How does it work to aggregate a variable in a postgres db backend table to its unique value. For example i have the following table:
library(tidyverse)
library(dbplyr)
dbplyr::memdb_frame(a=c(2,2,2), b=c(2,3,4)) %>%
summarise(aggregatedSum = sum(b),
aggregatedUnique = unique(a))
But neither unique()
nor distinct()
are doing the job. Any ideas how to achieve my desired outcome like so when i collect() the table before summarise:
dbplyr::memdb_frame(a=c(2,2,2), b=c(2,3,4)) %>%
collect() %>%
summarise(aggregatedSum = sum(b),
aggregatedUnique = unique(a))
# A tibble: 1 x 2
aggregatedSum aggregatedUnique
<dbl> <dbl>
1 9 2
CodePudding user response:
You can just add a group_by
to your dplyr
pipe:
> dbplyr::memdb_frame(a=c(2,2,2), b=c(2,3,4)) %>%
group_by(a) %>%
summarise(aggregatedSum = sum(b)) %>%
rename(aggregatedUnique = a) %>%
select(aggregatedSum, aggregatedUnique)
# Source: lazy query [?? x 2]
# Database: sqlite 3.34.1 [:memory:]
aggregatedSum aggregatedUnique
<dbl> <dbl>
1 9 2
If there are multiple distinct values in column a
, this will return a row per value (with the sum of the b
values that occur alongside them).
CodePudding user response:
I might be misinterpreting, but this seems like a grouping operation, where you might want the sum of b
for each unique value of a
. If so, then group_by(a)
:
dbplyr::memdb_frame(a=c(2,2,2), b=c(2,3,4)) %>%
group_by(a) %>%
summarise(aggregatedSum = sum(b))
# Source: lazy query [?? x 2]
# # Database: sqlite 3.33.0 [:memory:]
# a aggregatedSum
# <dbl> <dbl>
# 1 2 9
This is related to How to combine SELECT DISTINCT and SUM() in that I believe SQL does not let you sum(.)
and distinct(.)
in the same query.
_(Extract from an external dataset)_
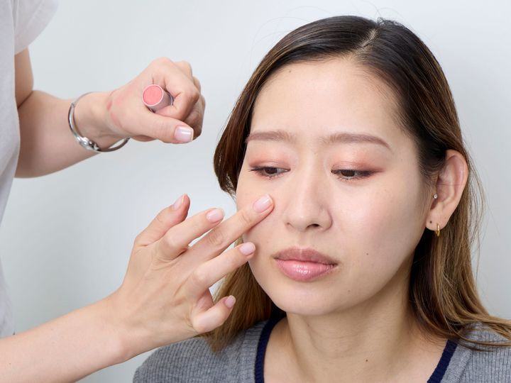 そして塗り方にもポイントがあり、「直塗りではなく、指にとってからポンポンと重ねていくと、しっかりと密着して崩れにくくなるのでおすすめです」とアドバイスをくれました。チークの崩れが心配な人はこの後にパウダー重ねるとヨレ防止に繋がりますよ。
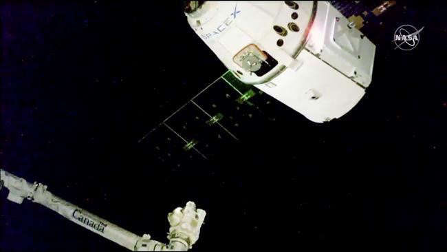 The Dragon capsule pulled up at the orbiting lab three days after launching from Cape Canaveral. Commander Alexander Gerst used the space station’s big robotic arm to grab the cargo carrier, as the two craft soared 250 miles above the Pacific.

The unchanged query looks like:
dbplyr::memdb_frame(a=c(2,2,2), b=c(2,3,4)) %>%
summarise(aggregatedSum = sum(b),
aggregatedUnique = distinct(a)) %>%
show_query()
# <SQL>
# SELECT SUM(`b`) AS `aggregatedSum`, distinct(`a`) AS `aggregatedUnique`
# FROM `dbplyr_014`
whereas the updated query is
dbplyr::memdb_frame(a=c(2,2,2), b=c(2,3,4)) %>%
group_by(a) %>%
summarise(aggregatedSum = sum(b)) %>%
show_query()
# <SQL>
# SELECT `a`, SUM(`b`) AS `aggregatedSum`
# FROM `dbplyr_016`
# GROUP BY `a`
which is aligned with the linked question/answer.